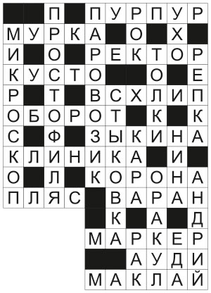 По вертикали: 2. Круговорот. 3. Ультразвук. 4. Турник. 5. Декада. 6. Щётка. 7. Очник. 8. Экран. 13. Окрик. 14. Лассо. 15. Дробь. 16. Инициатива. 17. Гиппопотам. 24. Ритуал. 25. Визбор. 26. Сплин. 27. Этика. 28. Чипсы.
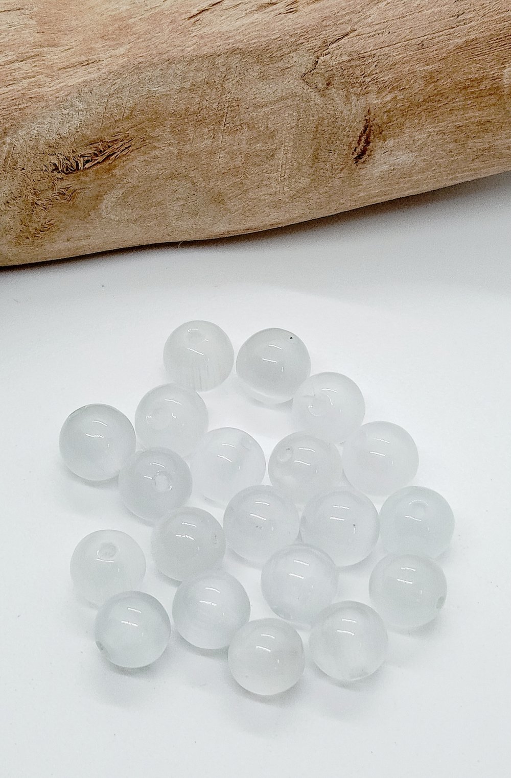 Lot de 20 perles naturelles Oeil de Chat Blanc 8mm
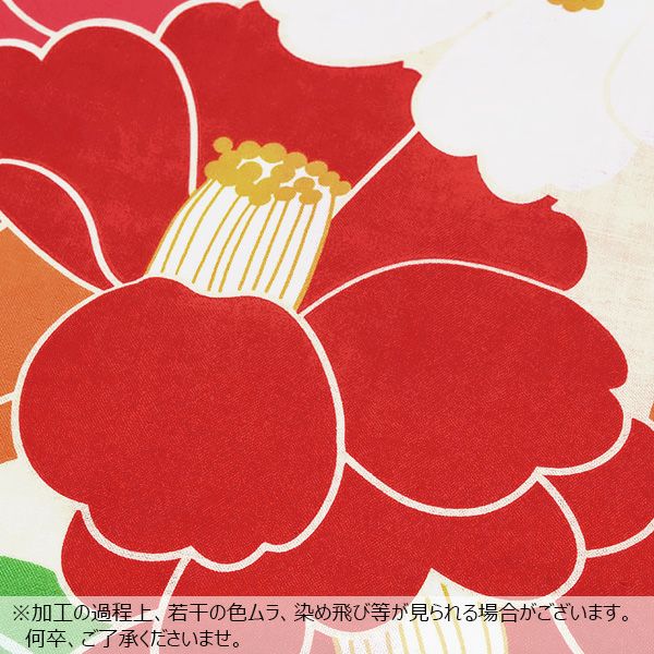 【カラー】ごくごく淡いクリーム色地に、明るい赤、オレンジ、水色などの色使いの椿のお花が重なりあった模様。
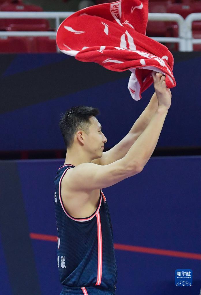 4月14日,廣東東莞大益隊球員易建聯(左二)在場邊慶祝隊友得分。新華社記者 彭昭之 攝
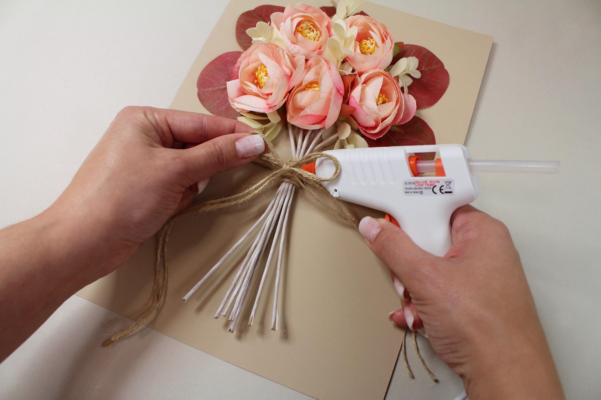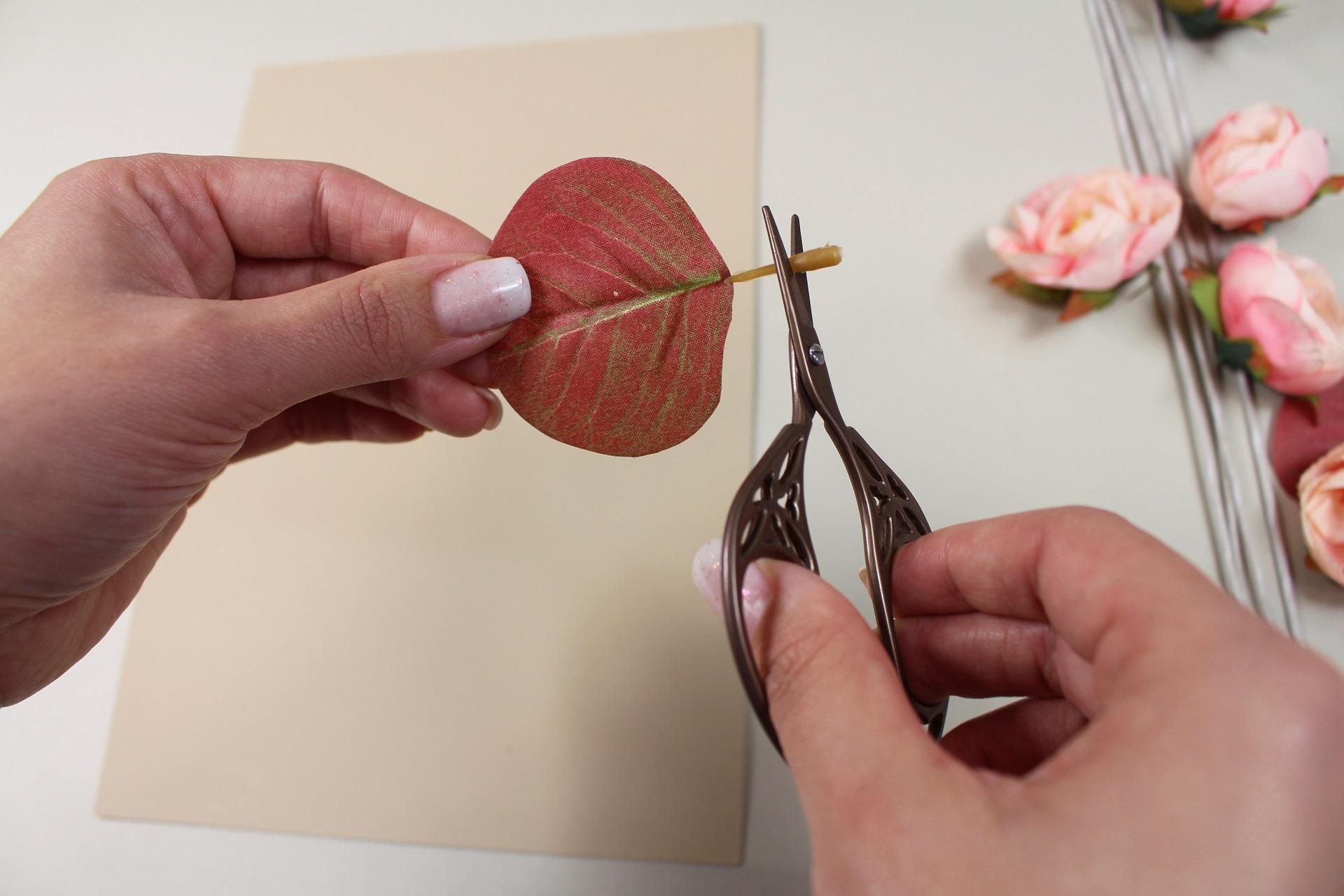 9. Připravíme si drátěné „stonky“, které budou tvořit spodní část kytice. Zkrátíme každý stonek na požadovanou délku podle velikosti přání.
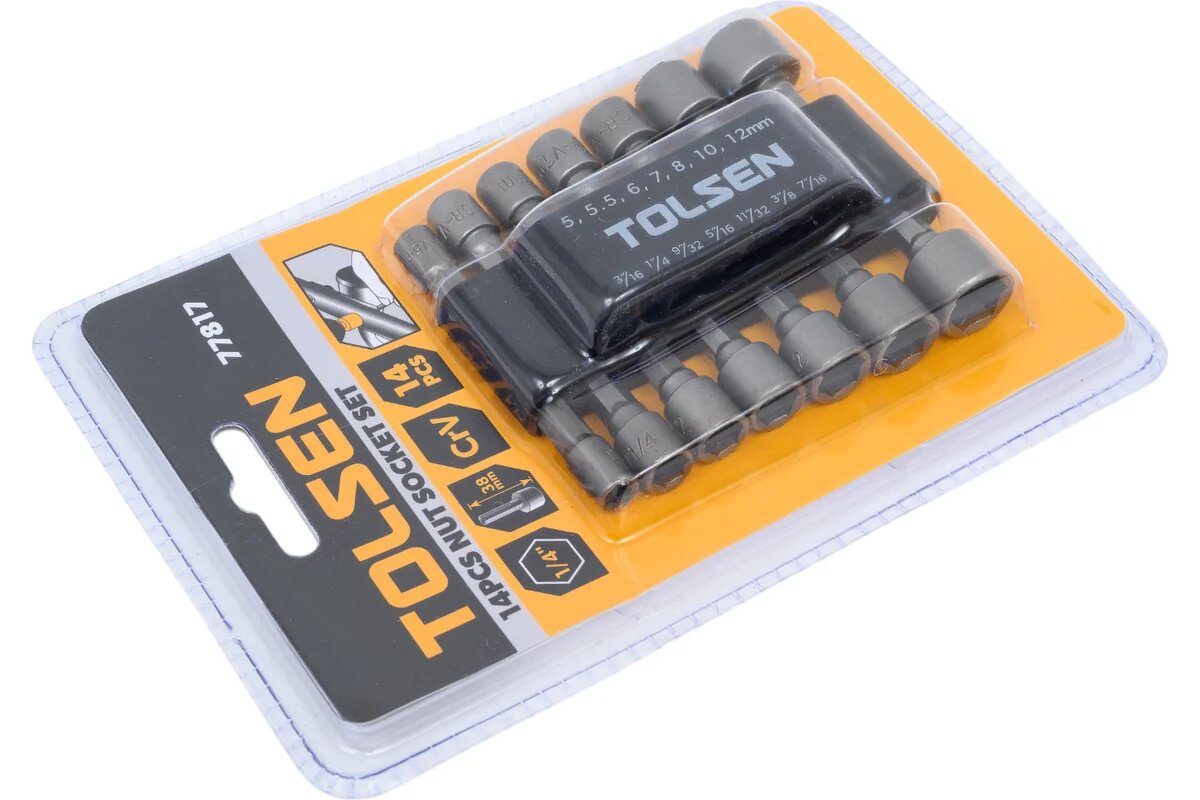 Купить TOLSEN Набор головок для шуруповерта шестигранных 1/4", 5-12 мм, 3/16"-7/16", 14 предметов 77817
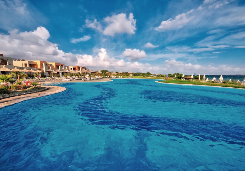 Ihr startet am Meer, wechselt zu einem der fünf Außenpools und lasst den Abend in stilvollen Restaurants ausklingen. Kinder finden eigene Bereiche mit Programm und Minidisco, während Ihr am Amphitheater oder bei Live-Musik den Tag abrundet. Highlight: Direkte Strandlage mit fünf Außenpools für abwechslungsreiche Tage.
***
_WHAT YOU WILL DO_.
Look above for the line containing "Lot de 20 perles"; output that line and all lines after it through the last one exactly, without the pictures.

_TASK SOLUTION_.
 Lot de 20 perles naturelles Oeil de Chat Blanc 8mm
 【カラー】ごくごく淡いクリーム色地に、明るい赤、オレンジ、水色などの色使いの椿のお花が重なりあった模様。
 4月14日,廣東東莞大益隊球員易建聯(左二)在場邊慶祝隊友得分。新華社記者 彭昭之 攝
 9. Připravíme si drátěné „stonky“, které budou tvořit spodní část kytice. Zkrátíme každý stonek na požadovanou délku podle velikosti přání.
 Купить TOLSEN Набор головок для шуруповерта шестигранных 1/4", 5-12 мм, 3/16"-7/16", 14 предметов 77817
 Ihr startet am Meer, wechselt zu einem der fünf Außenpools und lasst den Abend in stilvollen Restaurants ausklingen. Kinder finden eigene Bereiche mit Programm und Minidisco, während Ihr am Amphitheater oder bei Live-Musik den Tag abrundet. Highlight: Direkte Strandlage mit fünf Außenpools für abwechslungsreiche Tage.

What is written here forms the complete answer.